DEV Community

Cover image for Geolocate any IP using latency
Dmitriy A. for Globalping

Posted on • Originally published at blog.globalping.io

Geolocate any IP using latency

TLDR: I made a CLI tool that can resolve an IP address to a country, US state and even a city. https://github.com/jimaek/geolocation-tool
It works well and confirms ipinfo's findings.

Recently, I read how ipinfo finally proved what most technical people assumed: VPN providers don't actually maintain a crazy amount of infrastructure in hundreds of countries. They simply fake the IP geolocation by intentionally providing wrong location data to ARIN, RIPE, and Geo DB providers via geofeeds.

They achieved their results using a novel approach compared to other geo IP providers. Based on their blog and HackerNews comments, they built a large probe network and used it to trace and ping every (or most) IP addresses on the internet.

This latency and hop data, most likely along with advanced algorithms and data cross-reference, provides a reliable way of correctly detecting the physical geolocation of an IP address, without relying on faked data available in public sources.

This is a very interesting approach that makes total sense, and I'm sure their clients appreciate it and heavily rely on it.

While I can't ping every single IP address on the internet from hundreds of locations just yet, I can do it to a limited subset using Globalping. So I decided to try it out and see if I can replicate their results and build a small tool to allow anyone to do the same.
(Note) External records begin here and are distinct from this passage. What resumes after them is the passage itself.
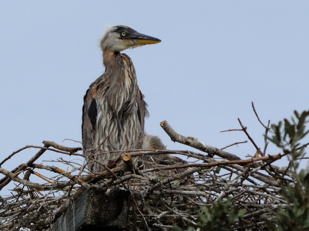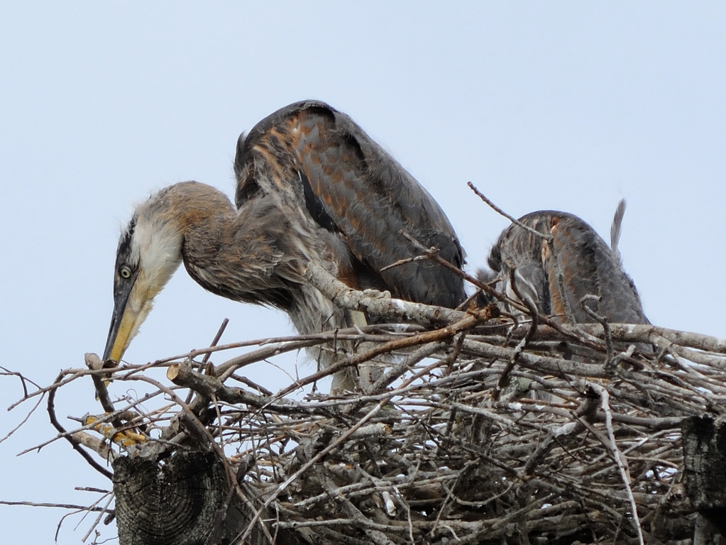 After a couple of miserable days it brightened a bit and I managed to get a few more shots of the juvenile Great Blue Herons. Mom and Dad were away and they were left to fend for themselves in the nest. The primaries are growing but there wasn’t any indication of flight play yet. Instead they spent the time trying to get rid of the baby fuzz,
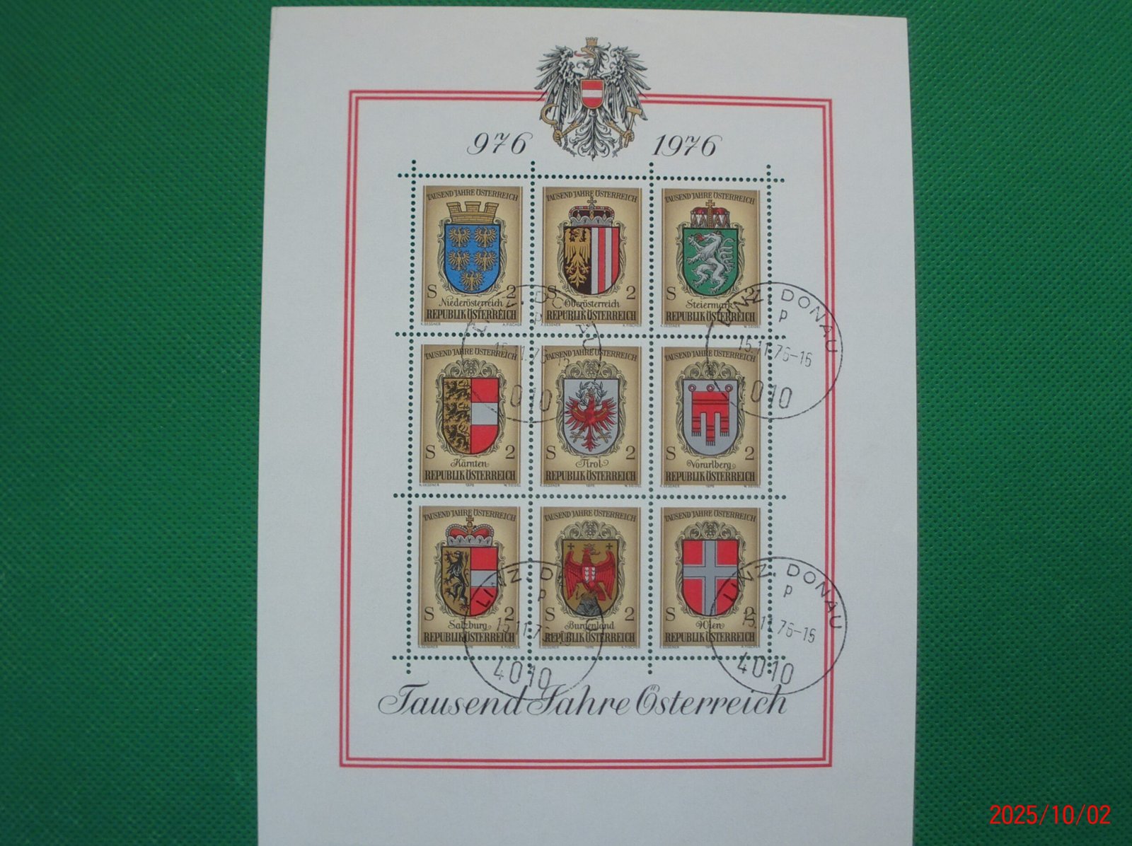 Blockausgabe Nr. 4 1000 Jahre Österreich – Wappen der Bundesländer gestempelt Linz Donau 15.11.1976, ungelaufen
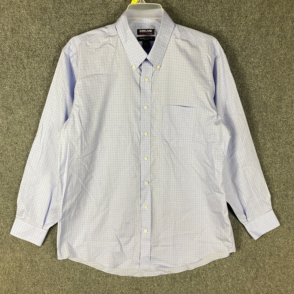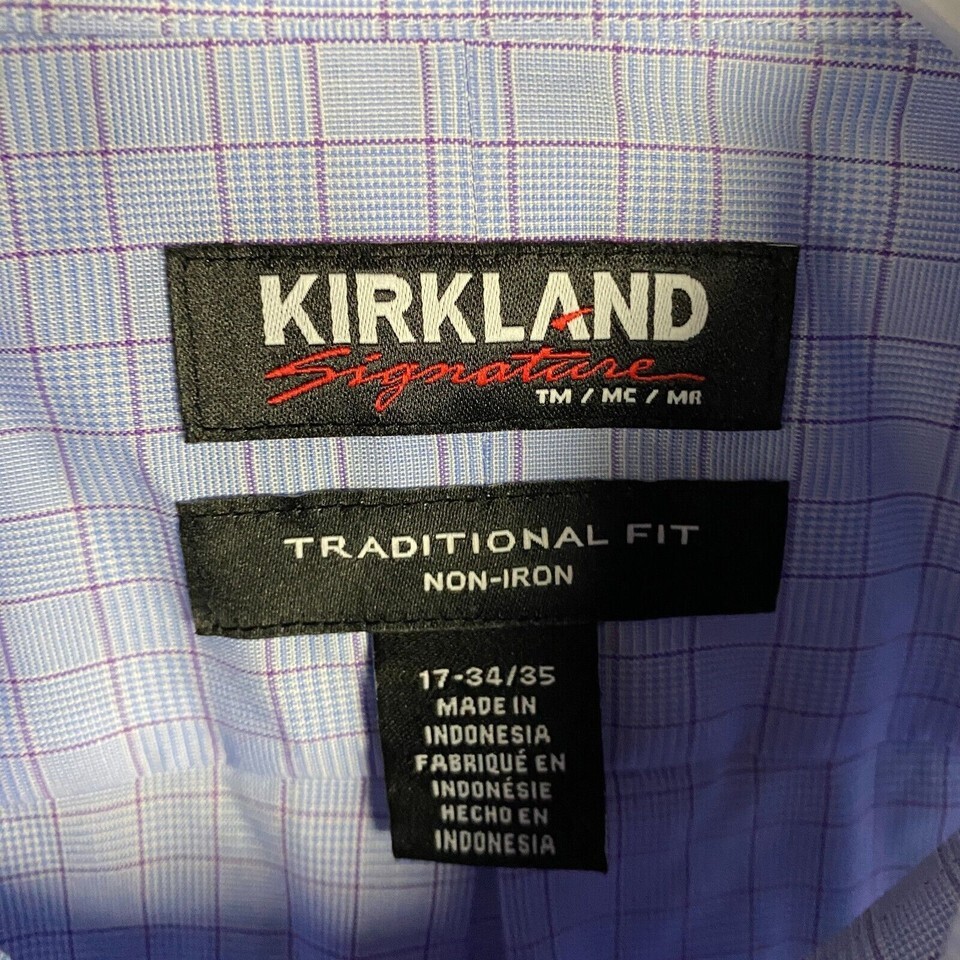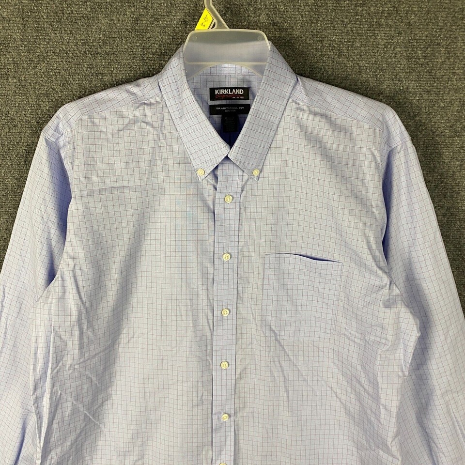- Kirkland Button Down Shirt Men's 17 Traditional Fit Long Sleeve 34/35 Cotton
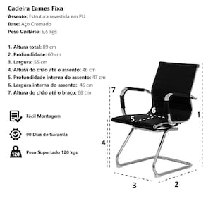 Cadeira Escritório Interlocutor Stripes Fixa Pu Nude Modelo: Cadeira Escritório Stripes Fixa Nude Assento: Estrutura Revestida em PU Base: Aço Cromado Profundidade: 60 cm Largura: 55 cm Altura Total: 89 cm Altura do Chão Até o Assento: 46 cm Altura do Chão Até o Braço: 68 cm Medida Interna do Assento Profundidade 47 cm Largura 46 cm Peso Máx. Recomendado: 120 kgs Peso unitário: 6,5 kgs
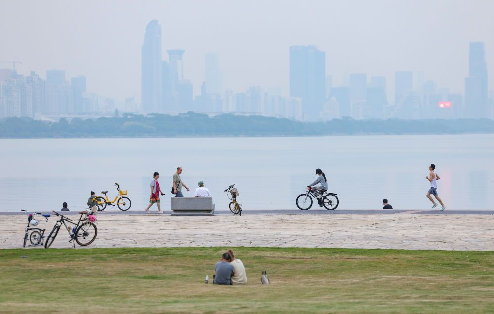 11月5日,市民在深圳灣公園騎行。新華社記者 梁旭 攝
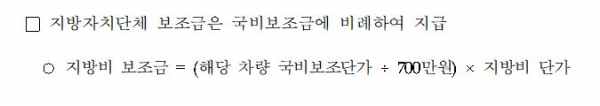 지자체 보조금 계산은 간단하다. 어려운 부분은 국비가 다 담당했다. 차량 국비보조단가를 700만 원(국비보조금 최대치) 나눈 후 지방비 단가를 곱하면 된다. 미니 일렉트릭을 서울 기준으로 하면 (572만 원÷700만 원)X200만 원=163만 원이 나온다. 국내에서 가장 많은 보조금을 지원하는 경북 울릉군을 기준으로 하면 898만 원이다. 지방비 단가만 1100만 원으로 바꾸면 된다.
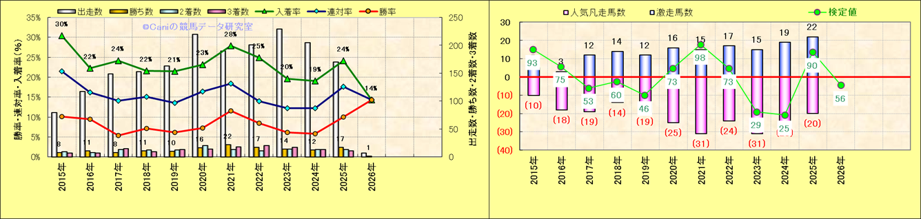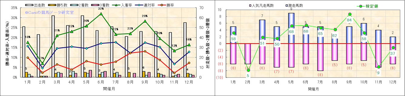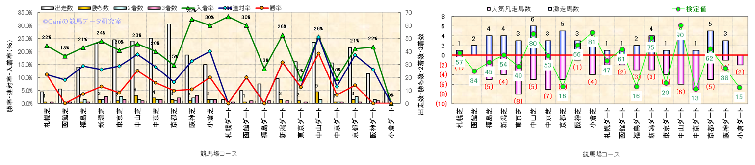 人気凡走馬:1-3番人気で着外、激走馬:5-18番人気で入着 |
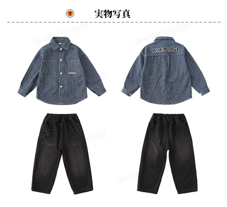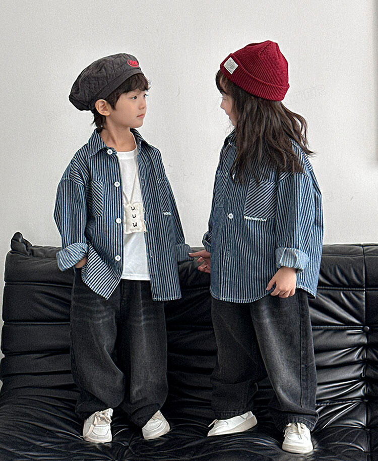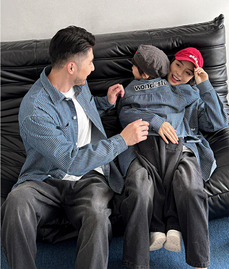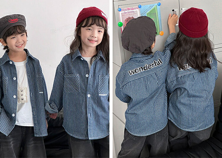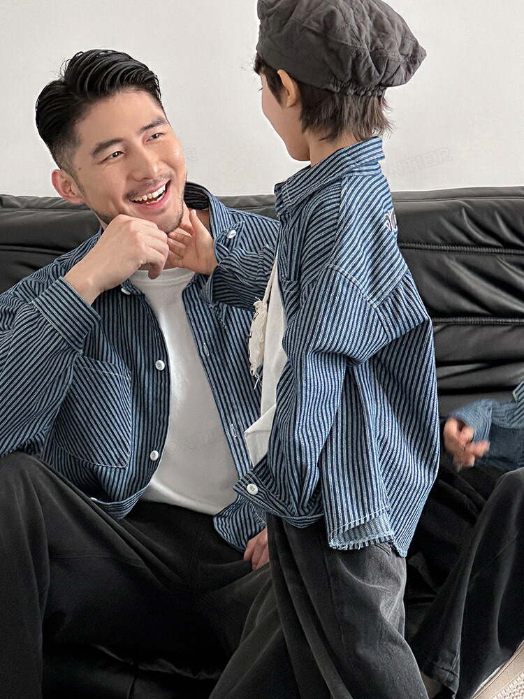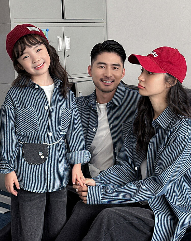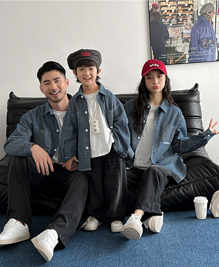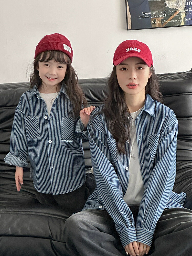 リンクコーデ 親子 セット 縞柄 シャツ デニムパンツ 親子 ペアルック トップス 親子コーデ 長袖 パパ ママ 子供 母の日 父の日 誕生日 プレゼント 秋物
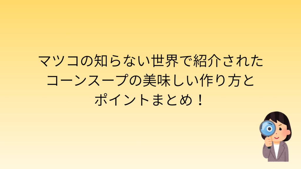 マツコの知らない世界でコーンスープ特集が放送され、コーンスープの名店や進化しているインスタントのコーンスープなどが今話題になっています。 その特集の中では市販のコーンスープを2倍美味しくする作り方なども紹介されており、すぐマネできる嬉しい... -

Globalping is an open-source, community-powered project that allows users to self-host container-based probes. These probes then become part of our public network, which allows anyone to use them to run network testing tools such as ping and traceroute.

network-map-globalping.png

At the moment, the network has more than 3000 probes, which in theory should be plenty to geolocate almost any IP address down to a country and even a US state level.

To automate and simplify this process, I made a little CLI tool using the globalping-ts library. My original idea was simple:

  1. Accept a single IP as input
  2. Ping it a few times per continent to select the continent
  3. Then ping the IP from many different probes on that continent
  4. Group and sort the results; the country with the lowest latency should be the correct one
  5. And as a bonus, repeat the same process for USA states if the winning country was the US

Essentially, what I had to do was simply create a few measurements and pass the location I needed using Globalping’s magic field, which would automatically figure out what I was looking for and select a few pseudo-random probes that fit the location and limit.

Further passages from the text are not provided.